The objective of the present paper is to understand reflectivity distribution in the most intense convective clouds and regional differences between the east and west coast of India. Understanding vertical structure of reflectivity is important as it reflects the distribution of the hydrometeors within the convective clouds. The most intense convective cell is constructed from the population of convective clouds for ten distinct areas over the Indian region by using TRMM 2A23 and 2A25 data.
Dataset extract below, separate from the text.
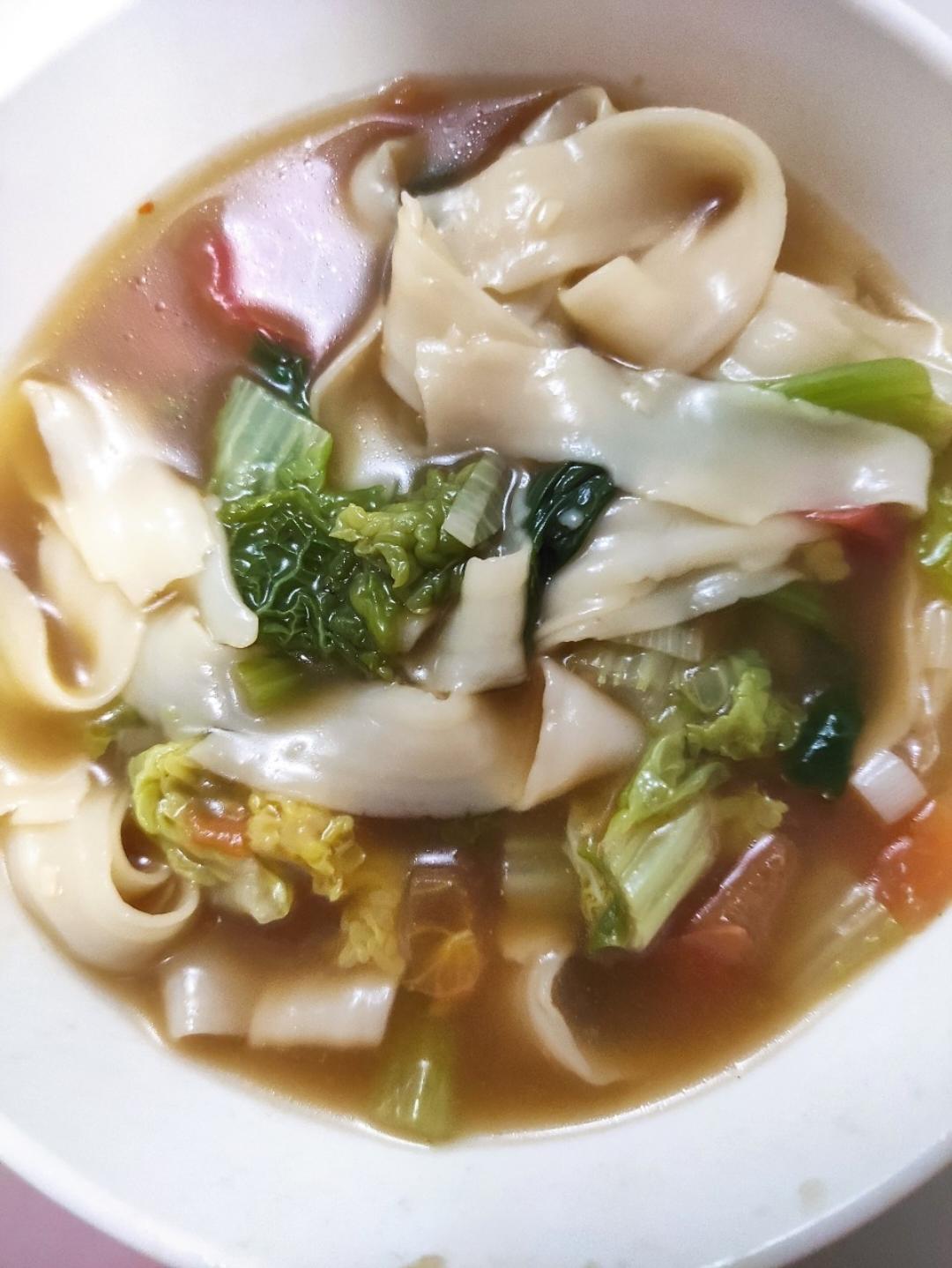 今天10号周三,风大降温了,晚上吃的刀削面,烤肠和小酥肉,还有凉拌黄瓜

The following are the major conclusions of the study:

  1. 1.

    The differences in the vertical profile are higher between 5- and 12-km altitudes, and land cells are more intense as compared to ocean cells. Land versus ocean separations becomes less in deep convective clouds (i.e. MICCs are crossing 10 km) and least when MICCs are crossing the 15-km altitude. The regional differences in Ze depend on the cloud top height of MICC.

  2. 2.

    On an average, clouds over the Indo-Gangetic plain are more intense (shows higher reflectivity values), whereas the Arabian Sea and Indian Ocean near the equator (west side) have the weakest convective clouds. The Western Ghats has less fraction of MICC (>15 km), but they are the most intense clouds.

  3. 3.

    West versus east differences in Ze and cloud top height are clear, and average vertical profiles are stronger (high Ze) near the eastern coast/side compared to the western coast/side and have a higher fraction of high-level clouds.